RKUHAP dan Tantangan Literasi Hukum di Era Disrupsi Informasi

JAKARTA - Pengesahan Rancangan Kitab Undang-Undang Hukum Acara Pidana (RKUHAP) menjadi undang-undang menandai babak baru reformasi sistem peradilan Indonesia. Namun, gelombang diskusi publik justru lebih didominasi oleh narasi permukaan ketimbang pembahasan substantif mengenai terobosan doktrin hukum yang diusung.

Dalam ruang digital kontemporer, kritik berbasis akademik tercampur dengan kekhawatiran yang muncul dari pembacaan parsial terhadap pasal-pasal tertentu. Potongan teks tanpa konteks dengan mudah berubah menjadi narasi ancaman, sementara penjelasan normatif yang komprehensif justru tenggelam dalam hiruk-pikuk informasi.

"Velocity of Communication (VoCo) menjelaskan bagaimana percepatan arus informasi telah melampaui kapasitas verifikasi publik. Dalam kerangka ini, persepsi lebih sering dibentuk oleh cara penyebaran informasi daripada substansi kebijakan itu sendiri," tulis analis.

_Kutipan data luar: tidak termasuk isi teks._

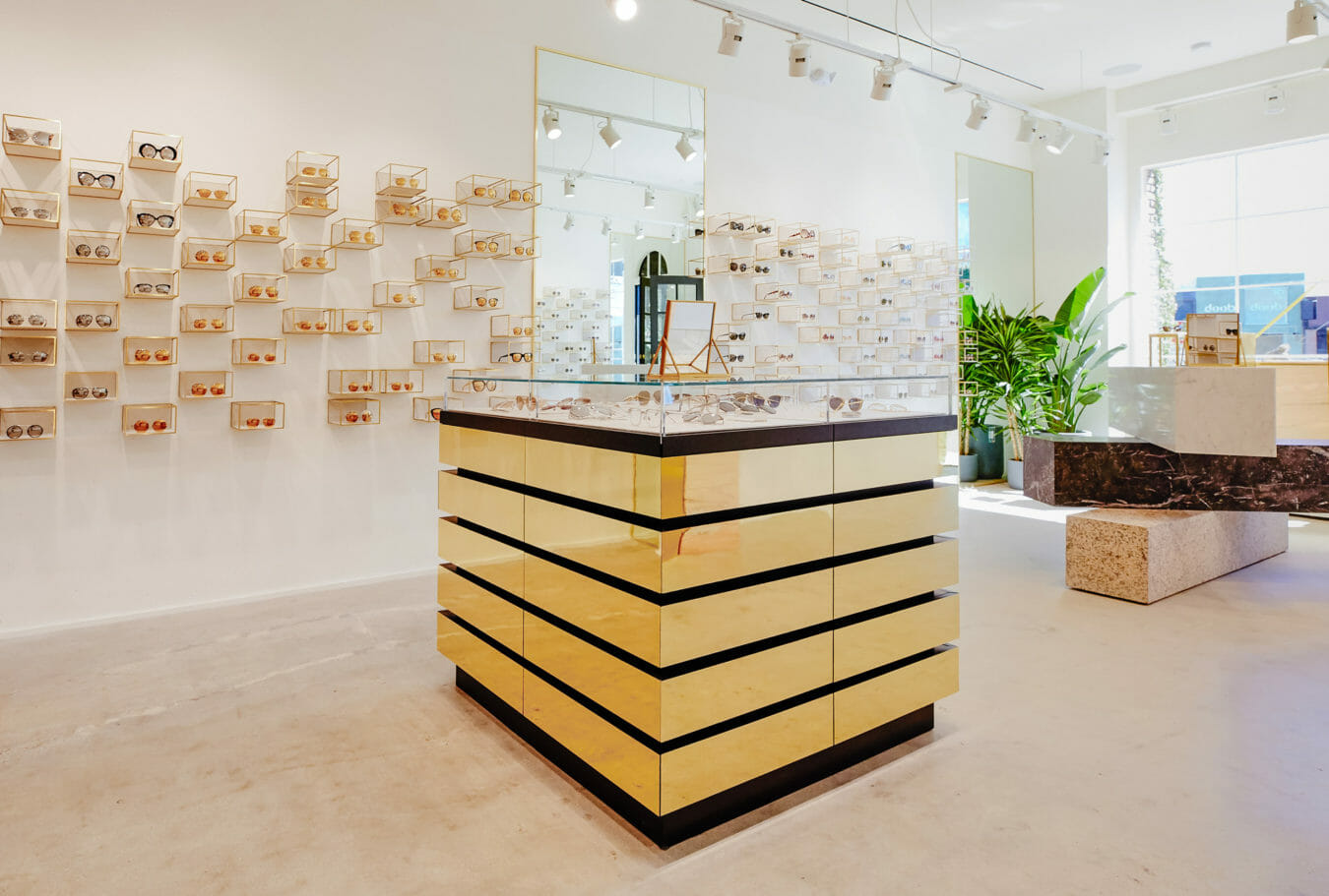 Featuring luxurious raw-meets-refined fixtures made from pink marble, polished concrete, onyx, and brass, the 1,055-square-foot space offers the brand's statement-making women's and men's optical and sun collections, including its frames with 24-karat gold, platinum, and rose gold lenses and collabs with Alessandra Rich, Dries van Noten, N21, and Matthew Williamson. (Of course, there's a nod to California's indoor/outdoor lifestyle with potted foliage.)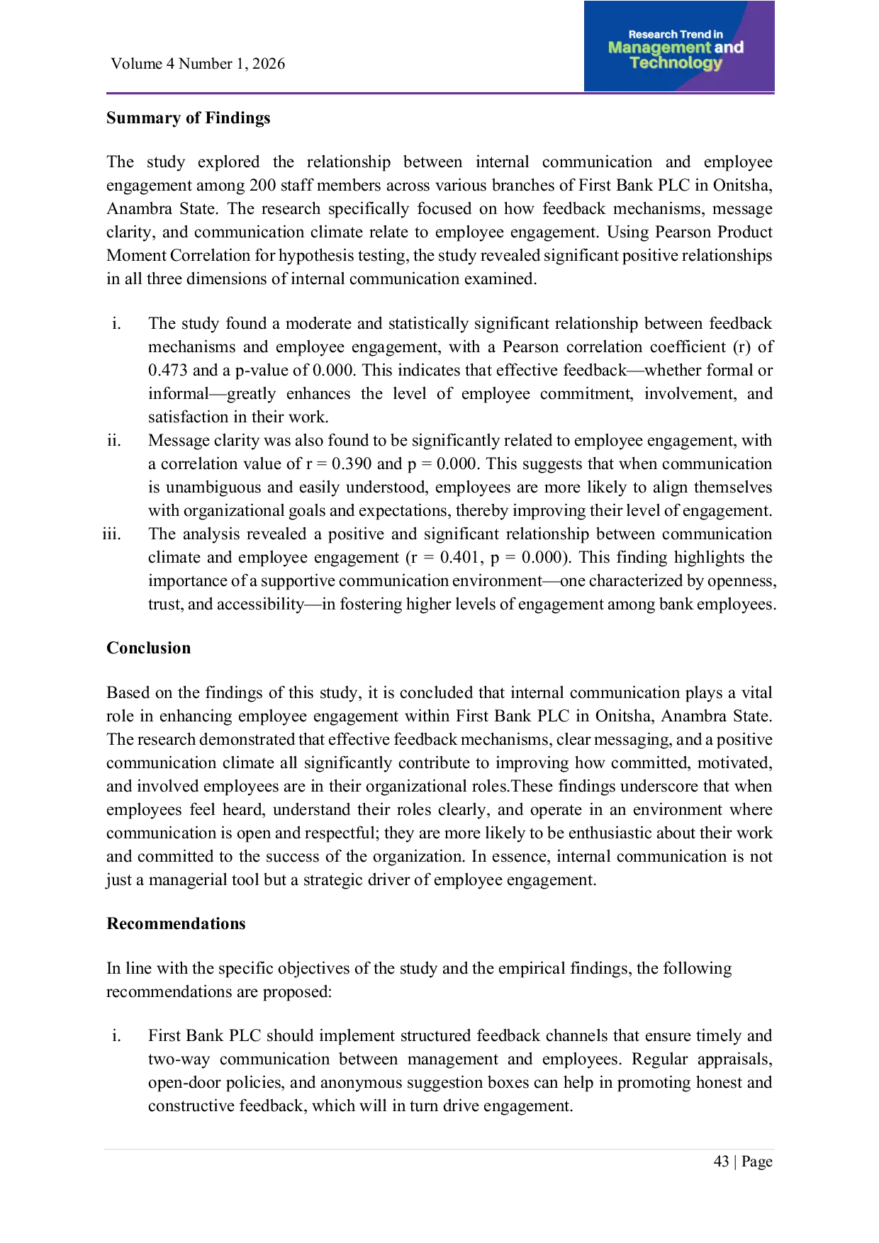 RTT JOURNALRTT JOURNAL The findings revealed significant positive relationships between feedback mechanisms, message clarity, communication climate, and employee engagement.The findings revealed significant positive relationships between feedback mechanisms, message clarity, communication climate, and employee engagement.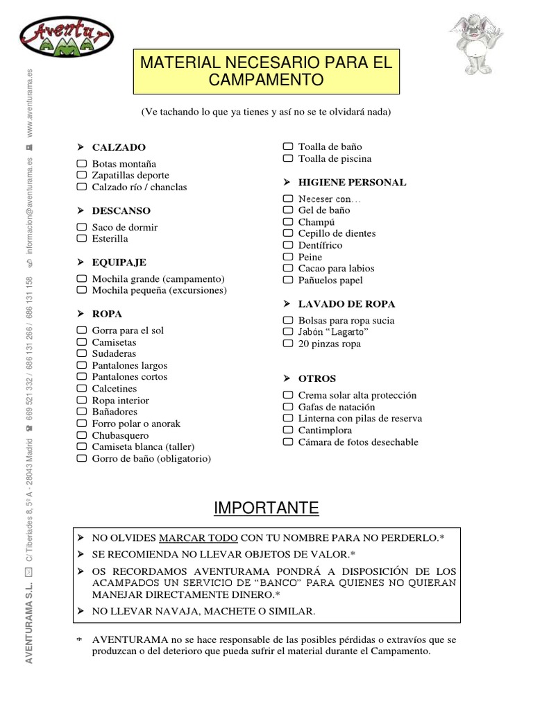 AVENTURAMA no se hace responsable de las posibles pérdidas o extravíos que se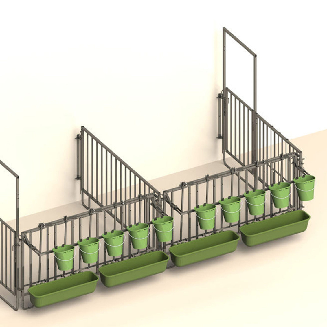 Zur Haltung der Kälber in einer Halle oder überdachtem Bereich, kann die Umzäunung einfach mittels einer Wandhalterung an der Wand befestigt werden. Oder die Umzäunung wird am Boden verankert. Individuell kann die Umzäunung je nach Anforderungen zusammengestellt werden.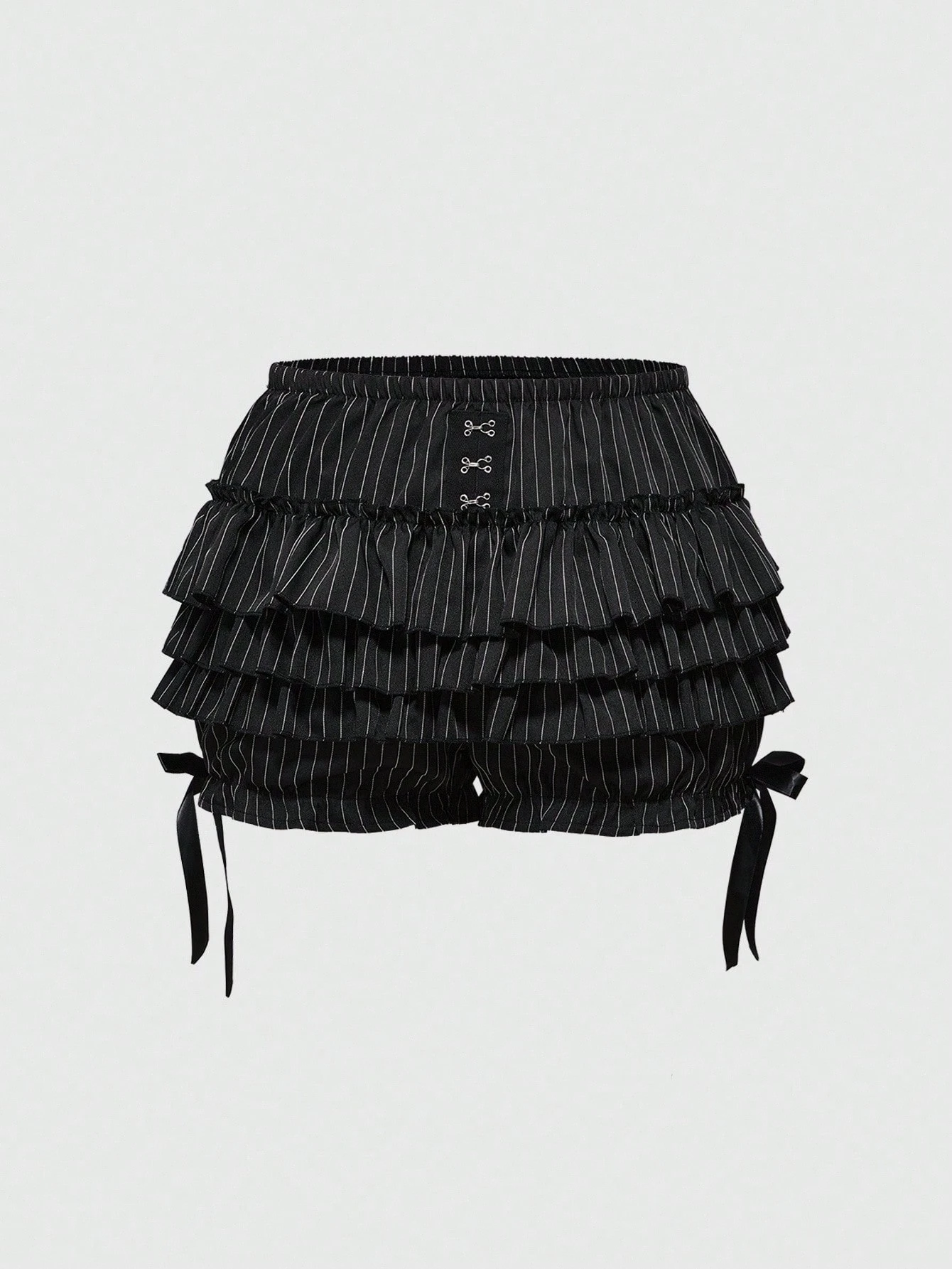 Plus Size Gothic Striped Multi-Layer Ruffle Hem Shorts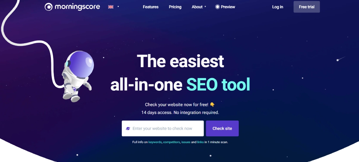 PaidMorning Score is an all-in-one SEO platform that simplifies the process of improving search engine rankings and increasing organic traffic for businesses. It offers four paid plans with comprehensive SEO tools, an easy-to-use interface, and intelligent guidance. Businesses of all sizes can use Morning Score to enhance their SEO strategies and attract more qualified organic traffic. The platform streamlines complex SEO tasks into straightforward, actionable steps.

Fenomena ini mengikuti pola velocity of communication (VoCo), di mana kecepatan penyebaran informasi mengalahkan kemampuan publik melakukan verifikasi dan analisis mendalam. Respons masyarakat terhadap RKUHAP menjadi contoh nyata bagaimana logika ini bekerja dalam praktik.

Pembaruan Substantif yang Terabaikan

Padahal, pembacaan komprehensif terhadap naskah RKUHAP justru mengungkap berbagai terobosan progresif. Kitab Hukum Acara Pidana warisan era transisi politik empat dekade silam dinilai telah kehilangan relevansi dengan perkembangan hukum modern.

"KUHAP lama mengandung banyak kelemahan struktural, mulai dari ambiguitas kewenangan penyidik, perlindungan hak tersangka yang lemah, hingga ketidaksesuaian dengan prinsip fair trial dan due process of law," jelas pakar hukum.

RKUHAP menawarkan koreksi fundamental melalui penguatan peran penasihat hukum sejak dini, mekanisme kontrol terhadap upaya paksa, standarisasi penahanan, dan revitalisasi lembaga praperadilan. Seluruhnya ditujukan untuk memperkuat perlindungan hak prosedural warga negara.